My grandmother is Sicilian and the other half of my family is Irish, so I never got the whole big “Sunday Dinner” experience like some of my friends, especially some of them whose parents were immigrants or second-generation Italians here in America (My grandmother also called it sauce and not gravy, but that’s a debate for another time). I always loved Italian food and when I was in college, I worked at an Italian restaurant as a hostess. I sneered at people who ordered chicken parm: like my high school ex-boyfriend who would order it at the diner, or my spanish co-worker who put ketchup on it and then ordered it with a side of french fries at our office holiday party. My go-to dishes were penne vodka or tortellini carbonara; I was never a big red sauce or baked pasta fan. However, when I moved to Philadelphia, these so-called “red sauce joints” in South Philly seemed to be my only option. Plus, they put peas in the penne vodka – what kind of Communist country is this?!

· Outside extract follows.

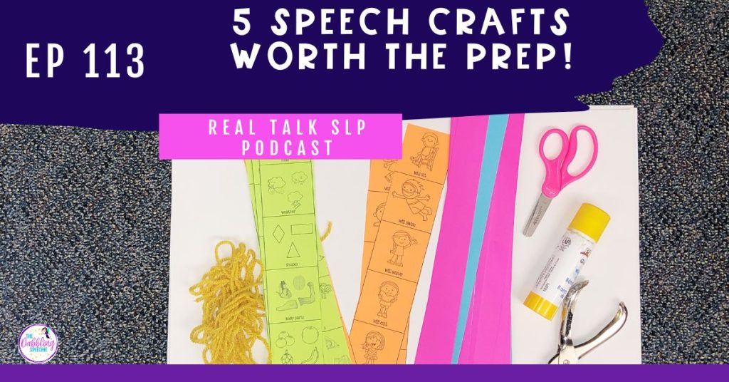 When it comes to lesson planning for your mixed speech and language groups, using crafts can be super effective! But, I know some of you may be thinking, “I don’t do speech therapy crafts because it’s too much prep and mess.” Now, I definitely agree with you that crafts can distract from sessions if they have too many tedious steps, or don’t ensure enough practice on speech and language goals. But, these five speech therapy crafts that I am going to share in this episode are worth the prep! Because they are easy to adapt, can be sent home as homework, used as a therapy tool and something student’s can pull out to practice in future sessions.

But then, a friend introduced me to Le Virtu on East Passyunk Ave. When I walked in, a beautiful, Mediterranean style dining room welcomed me with low lighting and soft music. I sat at the bar and received a basket of crunchy, Tuscan style bread with a plate of olive oil, ordered up a glass of Pinot Grigio and sunk into the menu. No fried cutlets slathered in sauce and cheese. No kids in high chairs crying while eating spaghetti and meatballs. This was exactly the kind of place I was looking for.
The special salad for the evening was topped with cherry tomatoes, roasted peppers, topped with shaved mozzarella (!) and dressed in a balsamic reduction. I was originally only planning on getting pasta but this sounded amazing. It tasted even better. The fresh mozzarella really made the dish. I know salads are supposed to be “healthy” and all, but to me – the more cheese, the better!
For my main course, I went with the Maccheroni alla mugnaia: A hand-pulled, single-strand of pasta, tossed with garlic, extra-virgin olive oil, hot pepper and sprinkled with pecorino. They also provide a basket of various peppers if you’d like to spice it up even more. I am a baby when it comes to spicy and hot things, so I left it as is (plus, I figured it was better to try it in it’s “virgin” state ). The pasta had a wonderful flavor and consistency. I had heard about this dish – and the uniqueness of the single strand pasta in the Abruzzo region – for quite some time and was excited to finally try it; it exceeded all my expectations.
But wait, there’s more! What Italian dinner wouldn’t be complete without dessert and an espresso? Don’t expect tiramisu or cannoli here, but definitely try the Semifreddo al torrone di cioccolato if you’re looking for something sweet and delicious: It’s a dark chocolate semifreddo, torrone crumble, drizzled with salted caramel sauce. It was so rich and creamy, it’s a good thing I was splitting it with a friend.
Molto bene! È squisito!
Le Virtu immediately reminded me of the the rustic vibe of the osteria that I’d worked at, and when I’d finished my meal, I knew that this would instantly become my favorite dinner spot. It was like finding a lake after so many years scouring the desert. I can’t wait to come back again (my skinny jeans are already quivering in fear!).